-- Records shown follows --
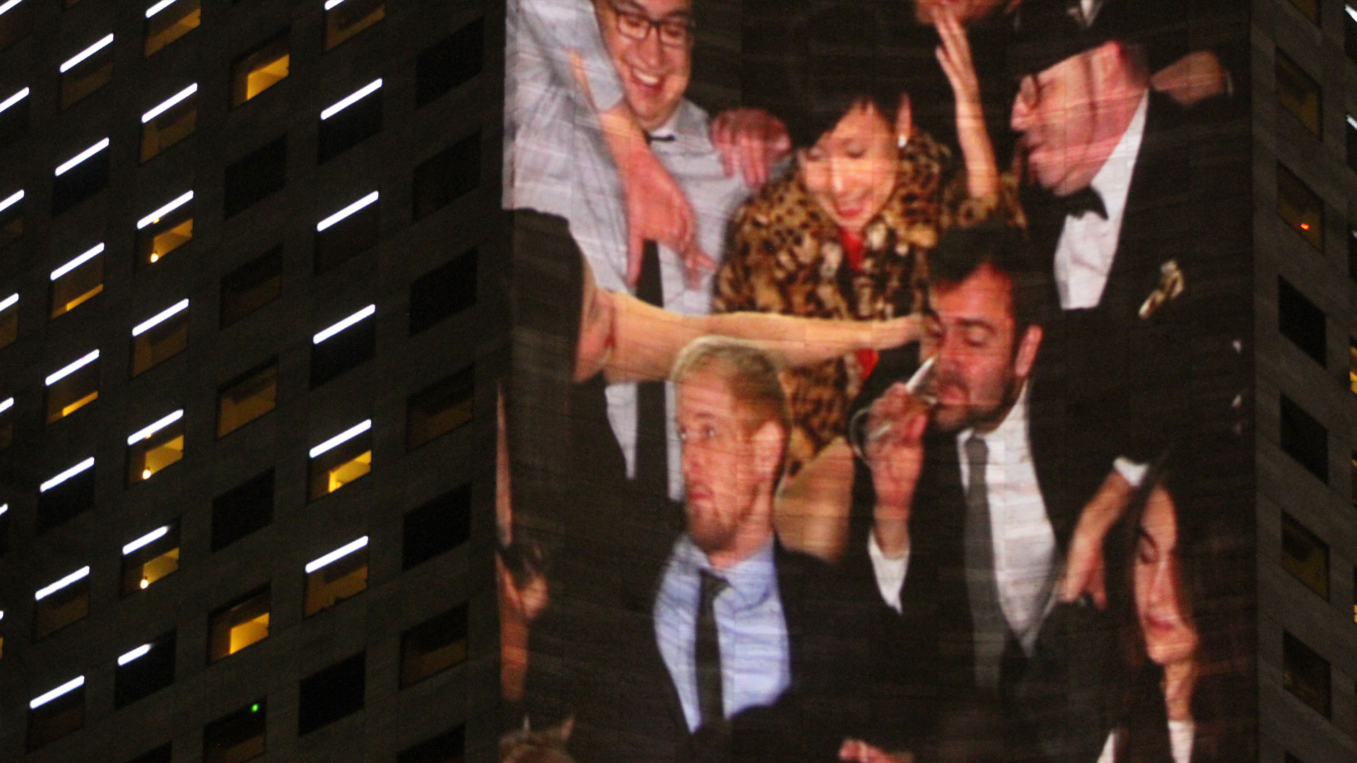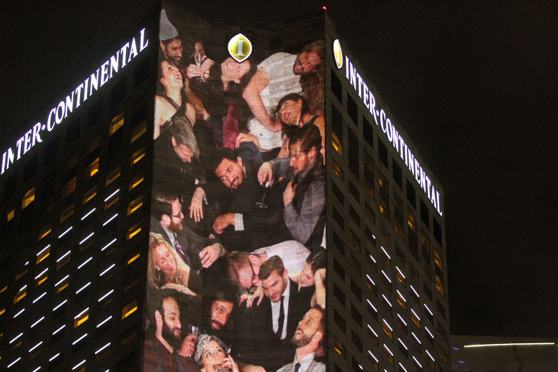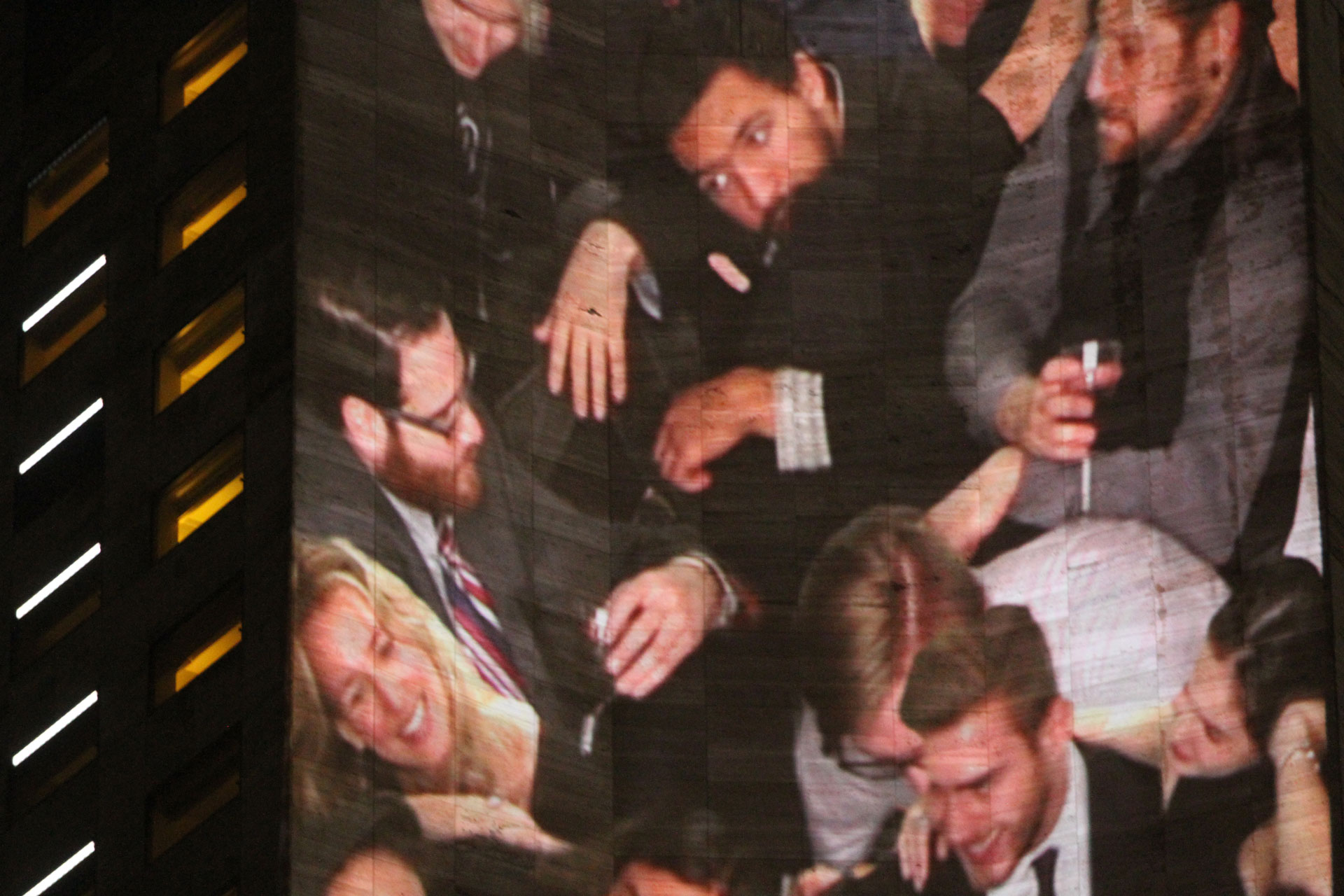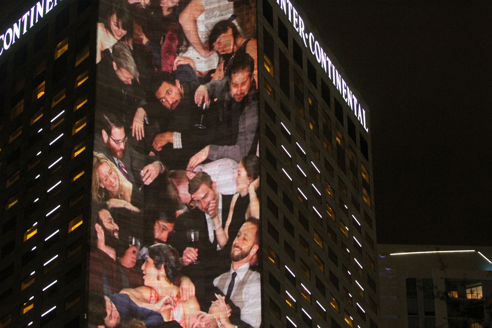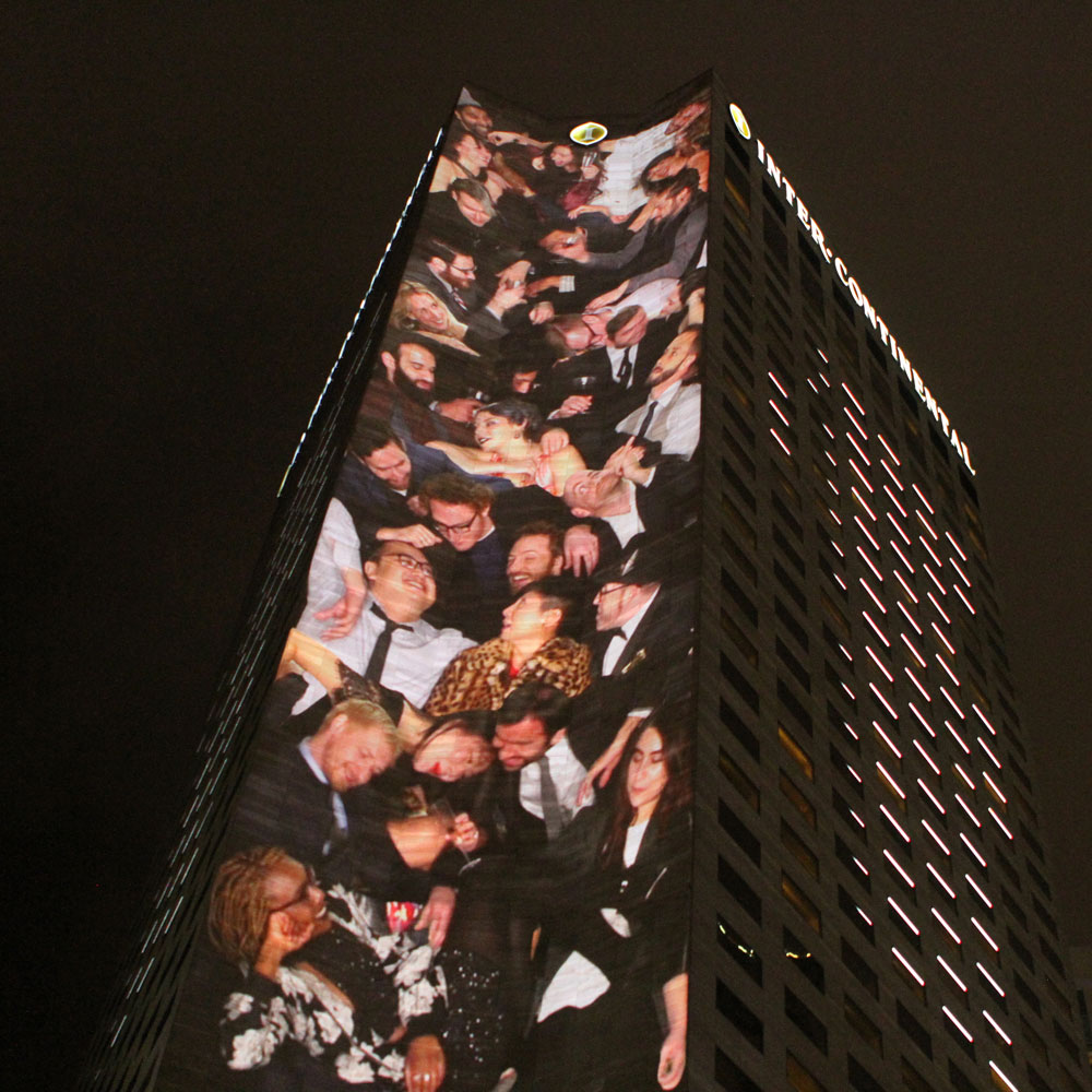 A site-specific projection art installation, People Pile was presented at Form and Substance: Miami 2015 during Art Basel week. The piece was commissioned by Integrated Visions to be be included in their video art exhibition that illuminated the side of the 34-story Intercontinental Hotel. To create the piece, we constructed a set at our studio in Brooklyn which conformed to the measurements of the Hotel, and invited friends to come kick it at the most crowded VIP party in all of Art Basel.
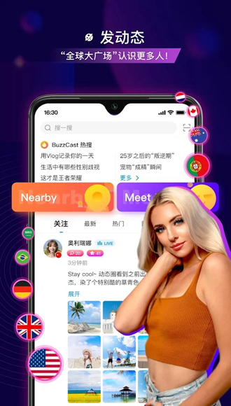 BuzzCast是一款充满活力的全球直播交友平台,前身为FaceCast,现已升级为更强大的社交娱乐空间。在这里,您可以结识来自世界各地的年轻、时尚、充满活力的新朋友,通过互相关注建立深度连接,享受无限畅聊的乐趣。平台不仅提供丰富的社交功能,还内置了多款趣味互动小游戏,让您轻松赚取金币的同时,与好友共同体验游戏的快乐,快速拉近彼此距离。独特的全球广场功能让您随时刷到来自五湖四海的精彩动态,发现更多有趣的内容和志同道合的伙伴。
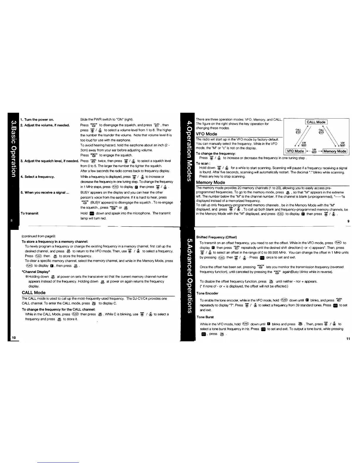 Alinco DJ-C1 - 3. Basic Operation; Power On, Volume, and Squelch Adjustment; Frequency Selection and Reception; Transmitting Procedure
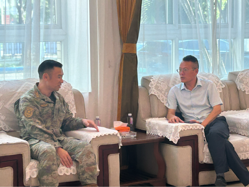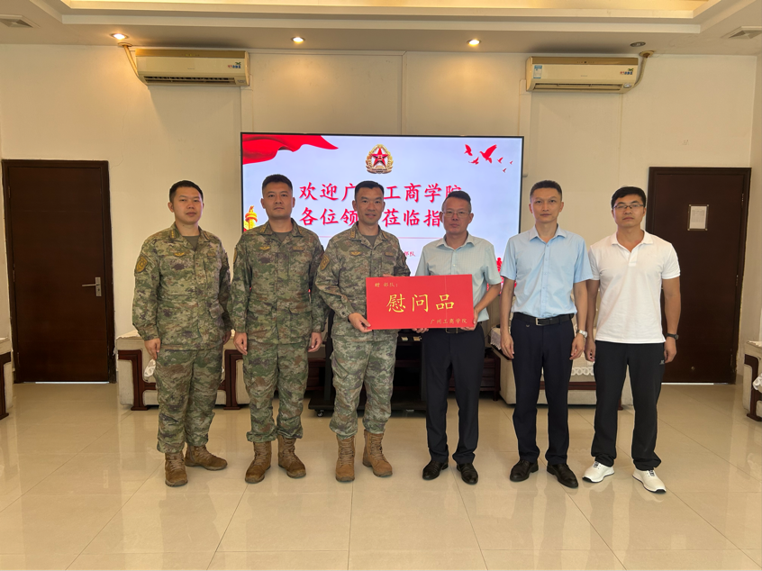 为深入学习贯彻习近平强军思想,庆祝中国人民解放军建军98周年,弘扬拥军优属的优良传统,促进学校与军队共建再上新台阶,增进军民鱼水之情,7月25日,学校党委副书记、纪委书记、副校长朱特威率三水校区管委会和武装部负责人慰问了驻地部队官兵,为他们送去节日的祝福以及赠送慰问物资。慰问团一行四人受到部队领导的热情接待,双方进行了友好座谈交流。
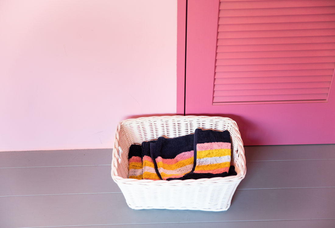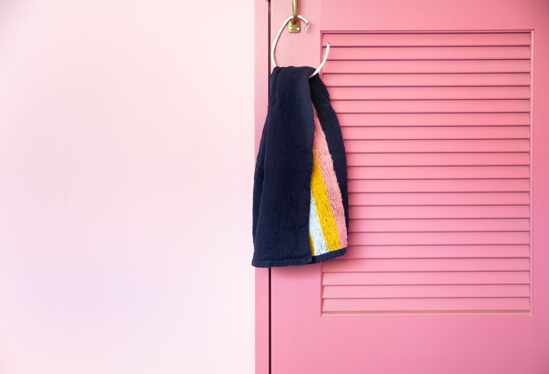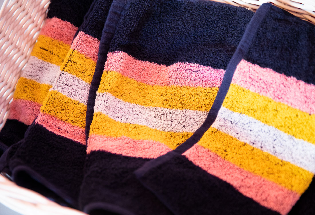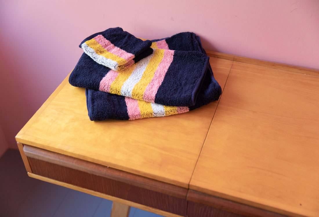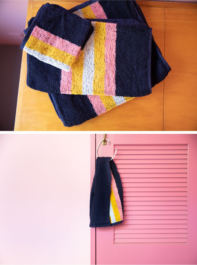あえてパイル面に、縦にまっすぐ色面を配し、
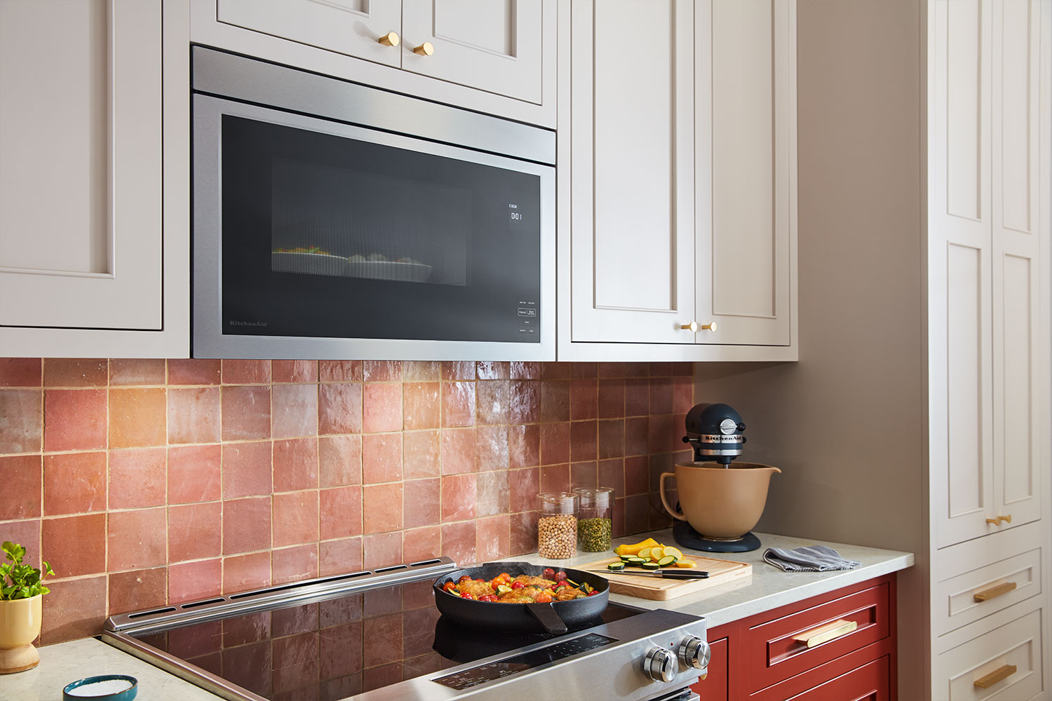 Beauty and function are of equal importance to home buyers, and they deserve a kitchen that won’t compromise on either. The KitchenAid® Over-The-Range Microwave with Flush Built-In Design integrates evenly with surrounding cabinetry for a seamless kitchen design.5 The turntable-free design maximizes cooking space for large or multiple dishes and circulates heat around dishes with a hidden motor.
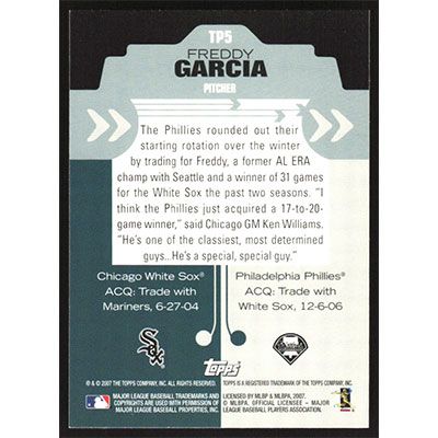 This is a 2007 Topps Trading Places Freddy Garcia baseball card. The card is #TP5 and pictures show condition. Team(s): Chicago White Sox/Philadelphia Phillies
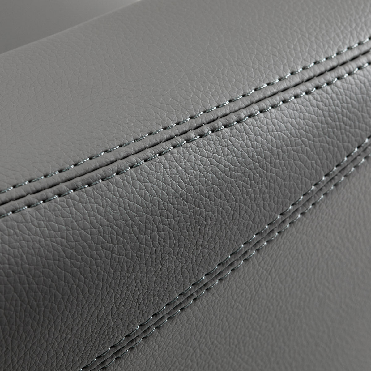 Kėdė užpildyta putomis, kurios yra patvarios ir nesideformuoja, užtikrinant patogų naudojimą ilgą laiką. Apmušalai pagaminti iš malonaus liesti dirbtinės odos su specifine struktūra. Dėl tokios medžiagos naudojimo įranga yra atspari drėgmei, patvari ir lengvai valoma. Pilkų atspalvių apdaila ir dekoratyviniai elementai auksinėmis spalvomis suteikia jai amžinos elegancijos išraišką. Jos išskirtinis klasikinis apdaila puikiai dera beveik bet kurioje erdvėje.
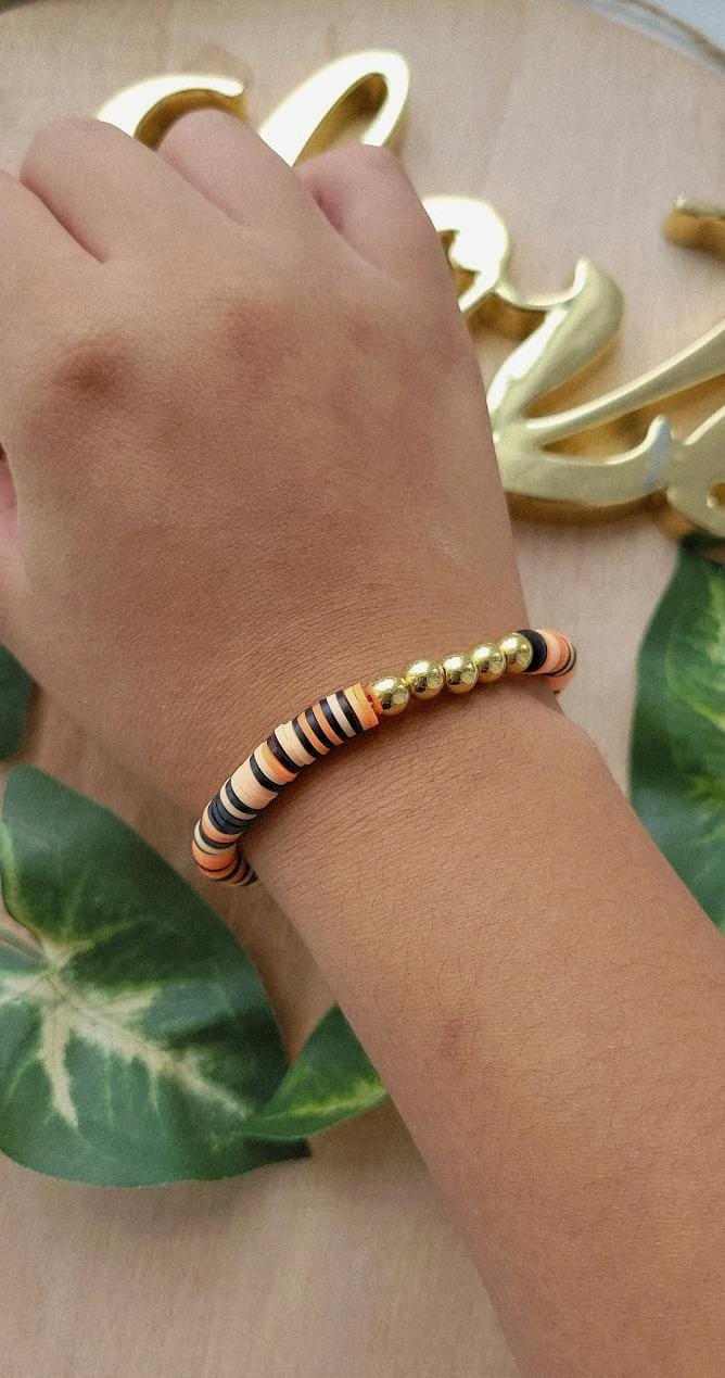 Embrace the coziest parts of the season with our handmade Pumpkin Spice Bracelet! This piece is a true celebration of fall, featuring a delicious mix of classic pumpkin orange and rich, spiced black beads that are beautifully finished with sparkling gold accents. Perfectly sized at 6.75 inches, it's the ultimate accessory to add a touch of warmth and vibrant charm to your autumn look
-- Records shown concluded --
- [Work instructions]: Find the line with "あえてパイル面に、縦にまっすぐ色面を配し、". Return it and each line after it through the end of the data, exactly, without pictures.

- [Your response]:
あえてパイル面に、縦にまっすぐ色面を配し、
 Beauty and function are of equal importance to home buyers, and they deserve a kitchen that won’t compromise on either. The KitchenAid® Over-The-Range Microwave with Flush Built-In Design integrates evenly with surrounding cabinetry for a seamless kitchen design.5 The turntable-free design maximizes cooking space for large or multiple dishes and circulates heat around dishes with a hidden motor.
 This is a 2007 Topps Trading Places Freddy Garcia baseball card. The card is #TP5 and pictures show condition. Team(s): Chicago White Sox/Philadelphia Phillies
 Kėdė užpildyta putomis, kurios yra patvarios ir nesideformuoja, užtikrinant patogų naudojimą ilgą laiką. Apmušalai pagaminti iš malonaus liesti dirbtinės odos su specifine struktūra. Dėl tokios medžiagos naudojimo įranga yra atspari drėgmei, patvari ir lengvai valoma. Pilkų atspalvių apdaila ir dekoratyviniai elementai auksinėmis spalvomis suteikia jai amžinos elegancijos išraišką. Jos išskirtinis klasikinis apdaila puikiai dera beveik bet kurioje erdvėje.
 Embrace the coziest parts of the season with our handmade Pumpkin Spice Bracelet! This piece is a true celebration of fall, featuring a delicious mix of classic pumpkin orange and rich, spiced black beads that are beautifully finished with sparkling gold accents. Perfectly sized at 6.75 inches, it's the ultimate accessory to add a touch of warmth and vibrant charm to your autumn look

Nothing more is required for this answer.